*Supplied data*
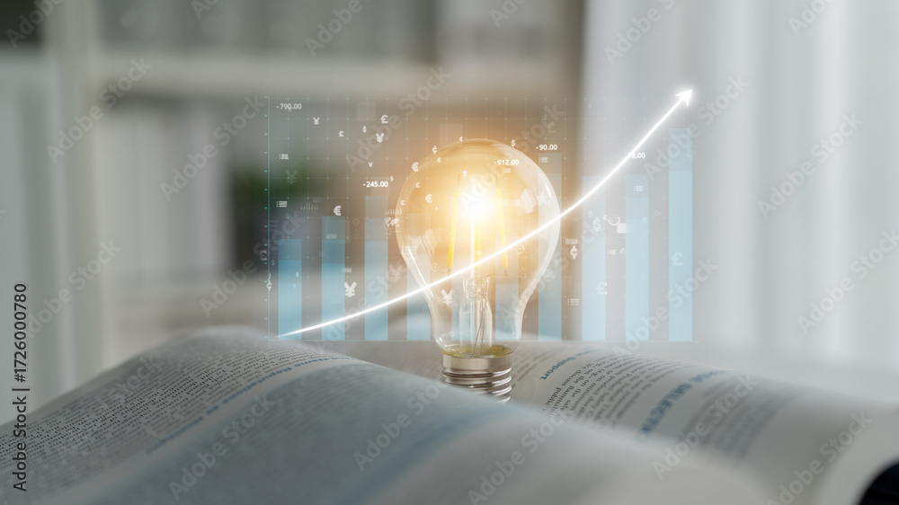 A bright light bulb glows above an open book, with a rising graph chart in the background, representing the concepts of knowledge, innovation, and growth in today world. Impute
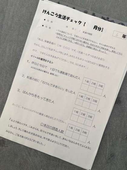 給食時間に校舎を歩いていると、保健委員会の人たち…
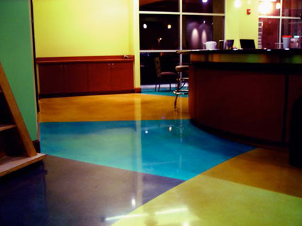Concrete floors can remain seamless, designed with saw cuts, stains colors on new pours can be integral or color can be applied after the pour and on existing floors, unusual aggregates such as marble or glass can be added, logo’s can be incorporated into the cement, terrazzo strip’s can be used to add an interesting look.
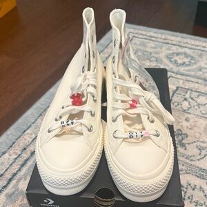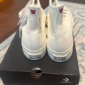 Stylish white Converse high-tops. Features classic logo patch and durable canvas material.
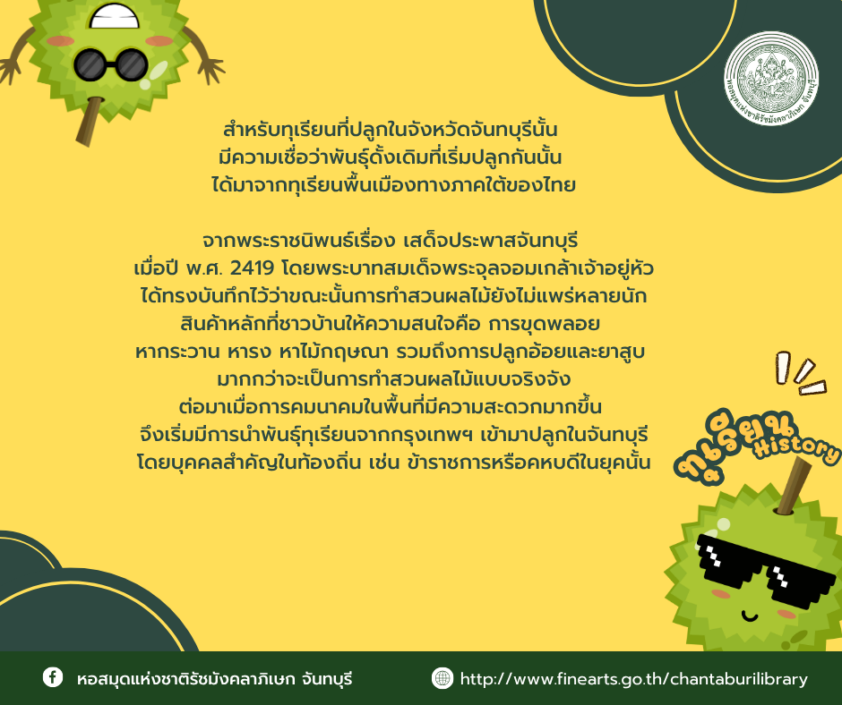 จากพระราชนิพนธ์เรื่อง เสด็จประพาสจันทบุรี เมื่อปี พ.ศ. 2419 โดยพระบาทสมเด็จพระจุลจอมเกล้าเจ้าอยู่หัว ได้ทรงบันทึกไว้ว่าขณะนั้น การทำสวนผลไม้ยังไม่แพร่หลายนัก สินค้าหลักที่ชาวบ้านให้ความสนใจคือ การขุดพลอย หากระวาน หารง หาไม้กฤษณา รวมถึงการปลูกอ้อยและยาสูบ มากกว่าจะเป็นการทำสวนผลไม้แบบจริงจัง ต่อมาเมื่อการคมนาคมในพื้นที่มีความสะดวกมากขึ้น จึงเริ่มมีการนำพันธุ์ทุเรียนจากกรุงเทพฯ เข้ามาปลูกในจันทบุรี โดยบุคคลสำคัญในท้องถิ่น เช่น ข้าราชการหรือคหบดีในยุคนั้น
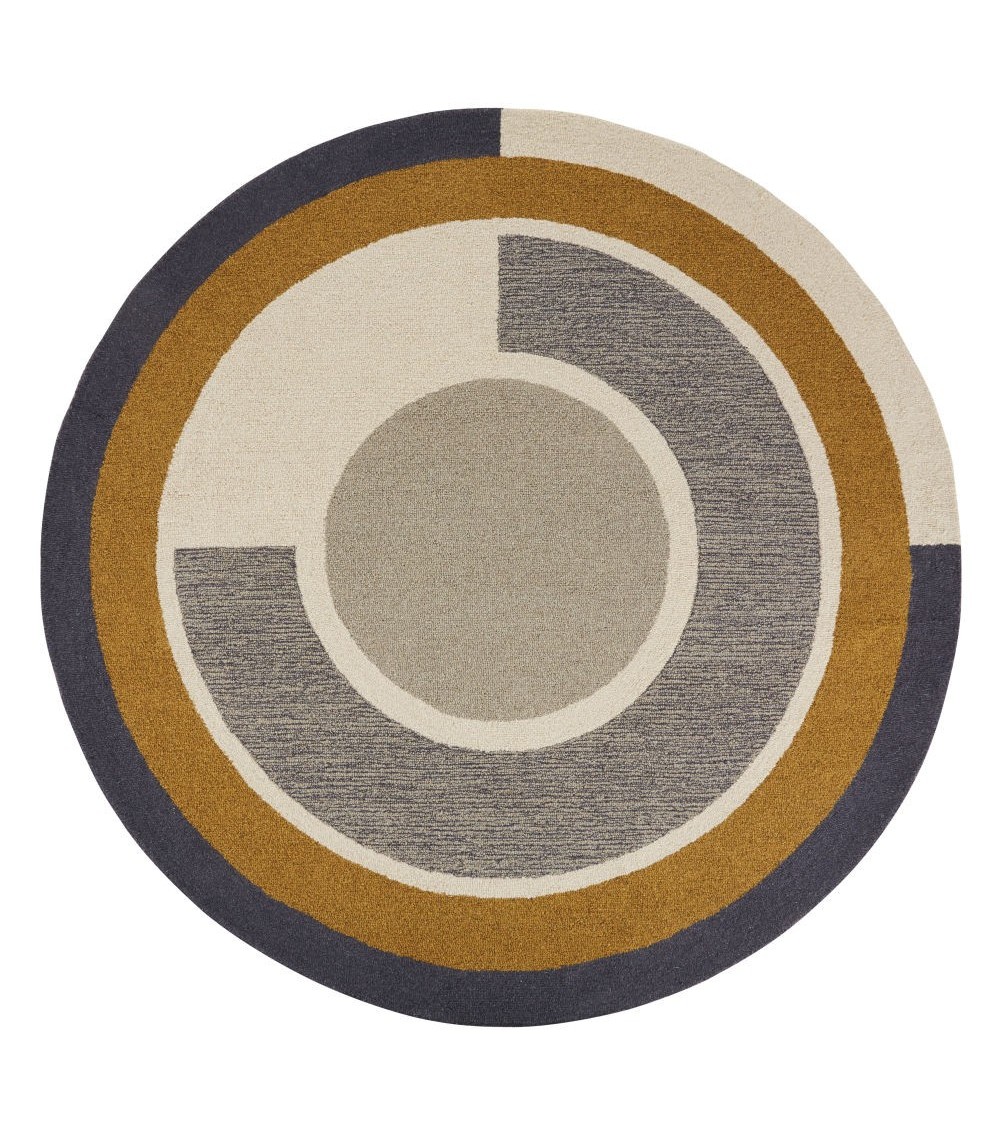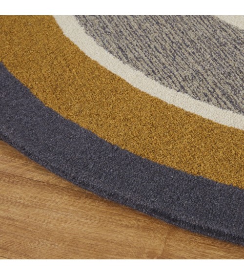 Tapis rond en laine et coton recyclé marron caramel, gris et blanc D200

*What to work on*
Output exactly, and only, the lines running from the line containing "Stylish white Converse" to the last line of the entries above, omitting the pictures.

*Exercise response*
 Stylish white Converse high-tops. Features classic logo patch and durable canvas material.
 จากพระราชนิพนธ์เรื่อง เสด็จประพาสจันทบุรี เมื่อปี พ.ศ. 2419 โดยพระบาทสมเด็จพระจุลจอมเกล้าเจ้าอยู่หัว ได้ทรงบันทึกไว้ว่าขณะนั้น การทำสวนผลไม้ยังไม่แพร่หลายนัก สินค้าหลักที่ชาวบ้านให้ความสนใจคือ การขุดพลอย หากระวาน หารง หาไม้กฤษณา รวมถึงการปลูกอ้อยและยาสูบ มากกว่าจะเป็นการทำสวนผลไม้แบบจริงจัง ต่อมาเมื่อการคมนาคมในพื้นที่มีความสะดวกมากขึ้น จึงเริ่มมีการนำพันธุ์ทุเรียนจากกรุงเทพฯ เข้ามาปลูกในจันทบุรี โดยบุคคลสำคัญในท้องถิ่น เช่น ข้าราชการหรือคหบดีในยุคนั้น
 Tapis rond en laine et coton recyclé marron caramel, gris et blanc D200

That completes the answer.